小隊の保有する大型トラックのヘッドライトの灯りだ。
町へ向かうために手配された一両の大型トラックが、煌々とした灯りを灯し、そしてエンジンを吹かしてその場に待機している。
そして後ろには、鷹幅や鳳藤等各隊員と、ハルエーやミルニシアの姿があった。
「目が光を放っている……それに、唸っているぞ……」
言いながら大型トラックを見上げているミルニシア。彼女は大型トラックの姿や、エンジンの発動音に若干気圧されているようであった。そして言葉こそ発しないが、それは隣に立つハルエーも同じようだった。
「さぁ、乗って」
先に大型トラックの荷台へと上がった鳳藤が、ミルニシアに手を差し出す。
「お、おい……大丈夫なのかこの……馬?ずっと唸っているし、体を震わせているぞ、機嫌を損ねているんじゃないのか……!?」
「大丈夫。これは走り出すために備えているんだ」
不安そうに声を上げるミルニシアを、安心させるためにそう説明しながら、鳳藤はミルニシアを荷台上に引き上げてやる。その隣では、同様にハルエーが新好地の手を借りて、荷台へと引きげられていた。

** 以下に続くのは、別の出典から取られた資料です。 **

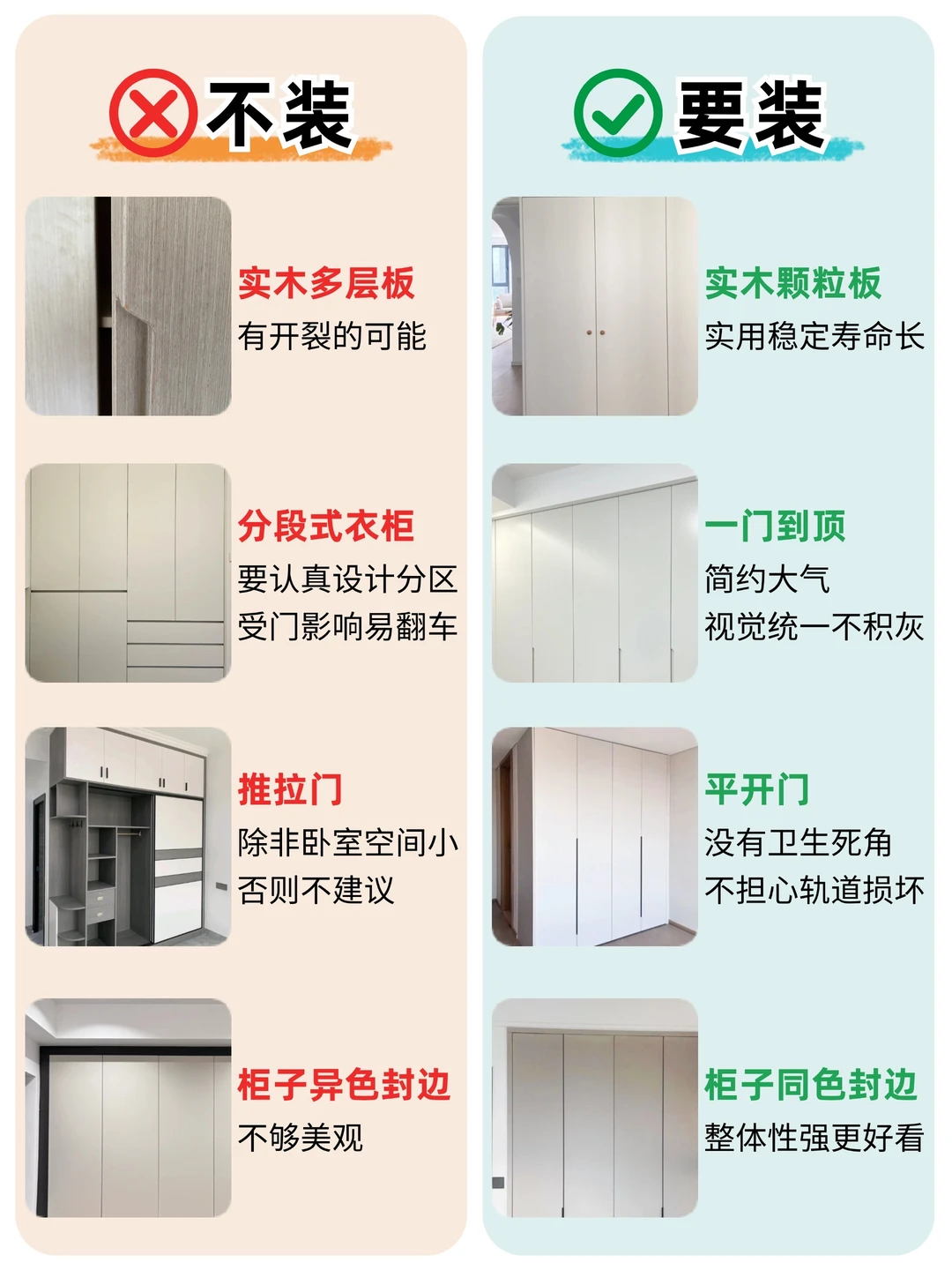 ⚠️全屋定制中衣柜是重中之重,一定要牢记这20个避坑细节,特别是尺寸,否则只会越用越揪心!建议码住不踩坑~ ✅衣柜内部区域设计: 一、分为挂衣区、叠放区、抽屉区、裤抽区、换季被褥区 二、1.85m以上空间(拿取不易、低频率收纳区)设计为换季被褥区 三、0.65-1.85m之间(无需弯腰、高频率使用区)设计挂衣区和叠放区放当季衣物 四、低于0.65m空间设计抽屉放内衣袜子等 五、 0.9-1m高度可设计抽拉裤架 六、 衣柜整体深度建议55-65cm ✅常见衣柜:【平开门】or【推拉门】 👉除非卧室空间特别小,否则不建议推拉门,推拉门的轨道容易坏,也容易积灰,不好打扫 ⭕️【平开门】尺寸 🔹柜门的宽度40cm左右,视觉效果好 🔹柜门到床的距离大于60cm,不影响开柜门 🔹柜子底板外置高度5-8cm,开关柜门不磕碰脚 🔹短衣区高度90-100cm 🔹长衣区高度140-150cm 🔹裤架高度80-85cm 🔹抽屉高度15-20cm 🔹衣柜深度55-60cm 🔹做少量叠衣区高度35-45cm 🔹挂衣杆到层板的距离5-6cm ⭕️【推拉门】 🔸每扇门宽度70-100cm,但不建议做太宽 🔸顶柜高度50-60cm 🔸下柜高度低于210cm 🔸衣柜深度60-65cm,这个尺寸要考虑滑轨的占用空间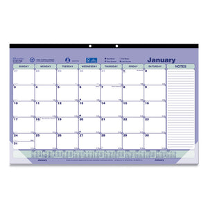 Monthly Desk Pad Calendar, 17.75 x 10.88, White/Blue/Green Sheets, Black Binding, Clear Corners, 12-Month (Jan to Dec): 2025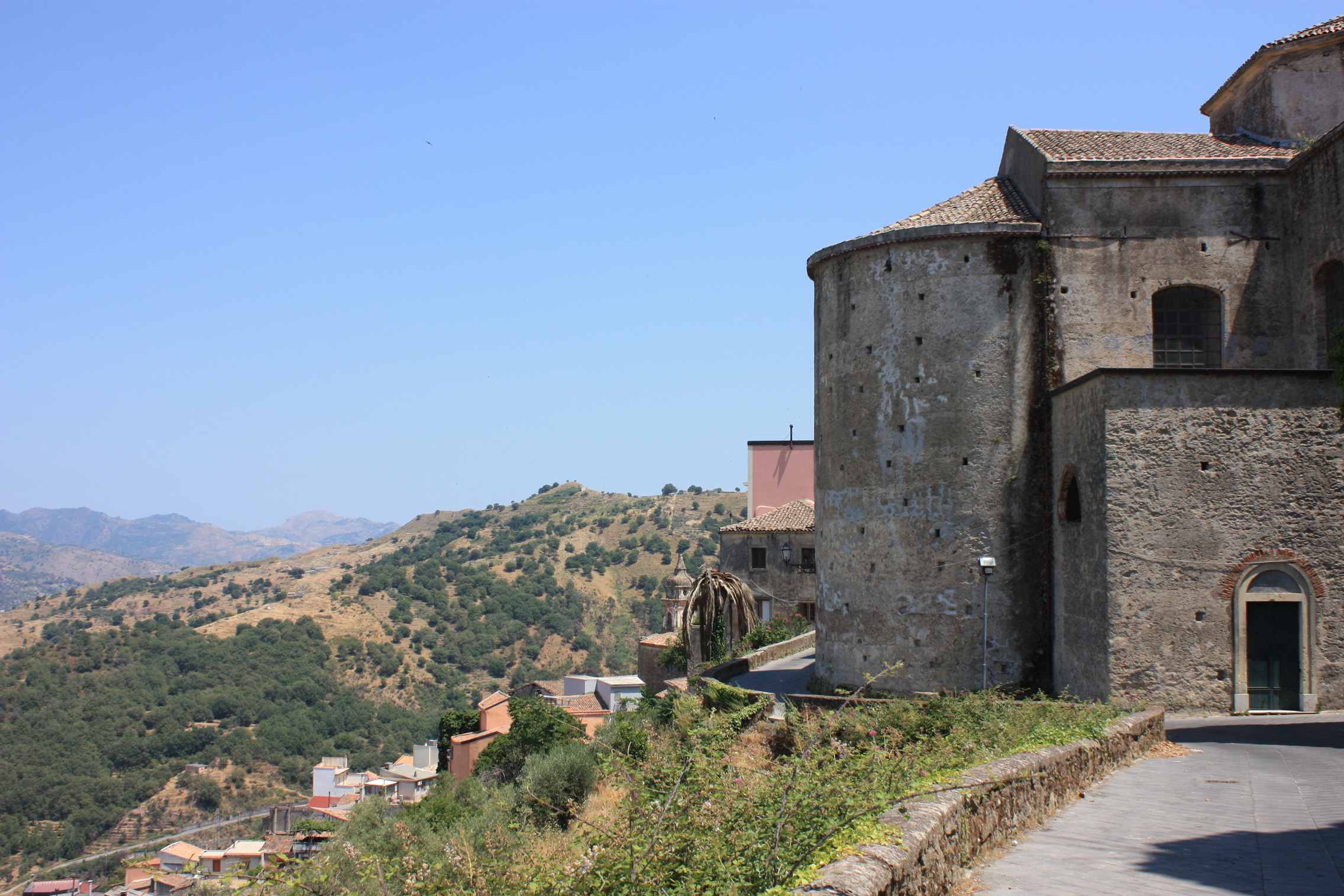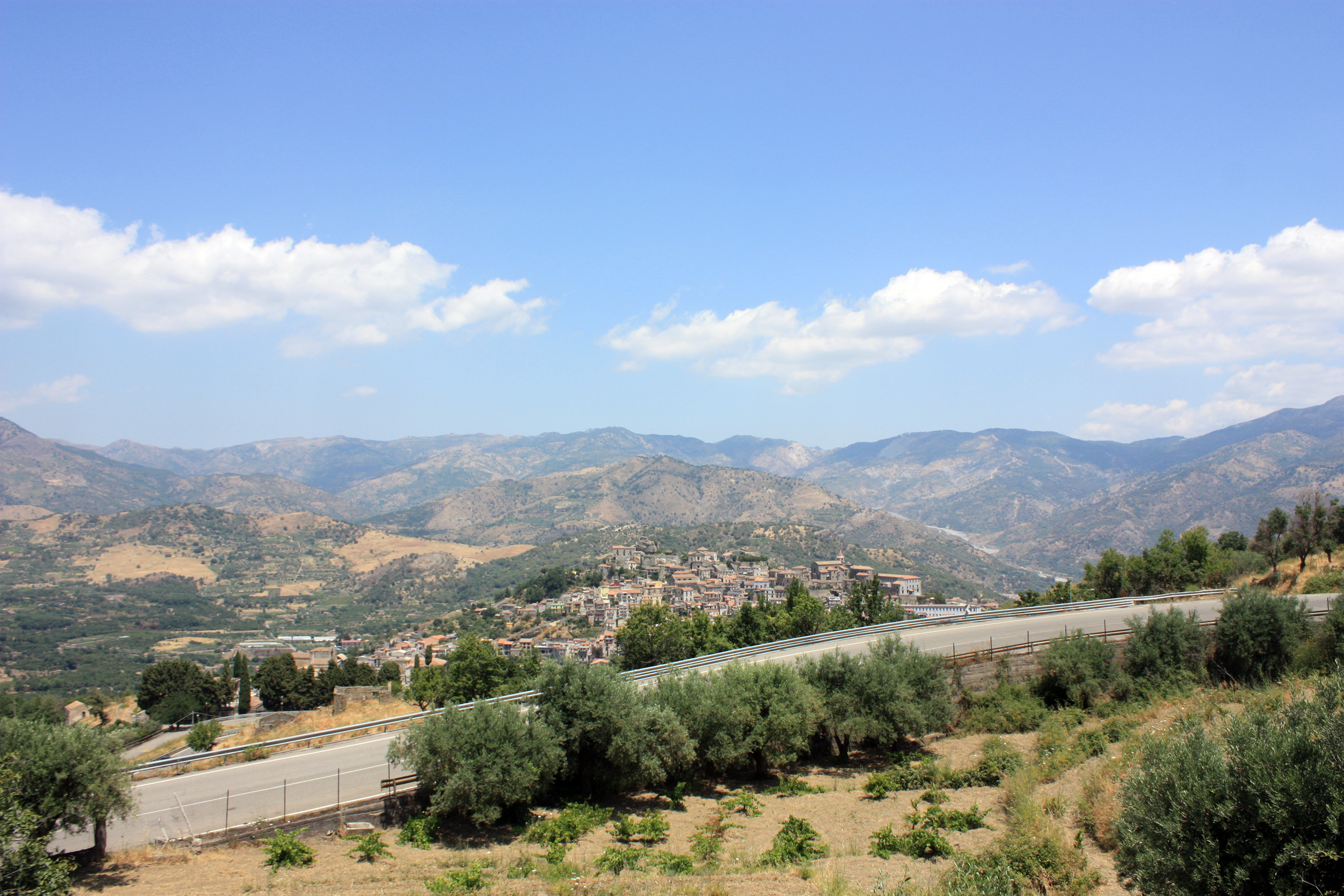 Travelling friend and I set off in search of the Alcantara Gorge, driving through Piedmonte Etneo and Linguaglossa, climbing higher and weaving among olive, peach and almond groves. Our plan was a stop at Castiglione, the gateway to the Alcantara Range, and here it is on the other side of the valley from our zigzag road, with the mountains in the background.

荷台に上がったハルエーとミルニシアには荷台の奥側に座ってもらい、鳳藤と新好地は安全監視のために荷台の端に座る。
「鷹幅二曹、ハルエーさん達にシートに着いてもらいました。こちらは準備OKです」
鳳藤はインカムで、キャビンの鷹幅へ準備完了の報告を送る。
《了解――
《了――えー、ご搭乗の皆さま、本日は陸隊観光をご利用いただき、ありがとうございます。あいにくの暗闇となり、景色をお楽しみいただくことはできませんが、トラックの揺れくらいはご堪能いただきたいと思います。なお、当車は全席禁煙となっております》
《余計な事をするな》
《いっぺん言ってみたかったんですよ》
インカムから、操縦席に着く輸送科の顎一士のふざけた言い回しが流れ、その発言を咎める鷹幅の言葉が聞こえて来る。そして大型トラックはエンジンをより今まで以上に唸らせ、ゆっくりと動き出す。
「う、うわっ……」
動き出し、揺れる車内に、ミルニシアが困惑の声を零す。
そんな彼女等を乗せて、大型トラックは木漏れ日の町を目指し、砦を出発した。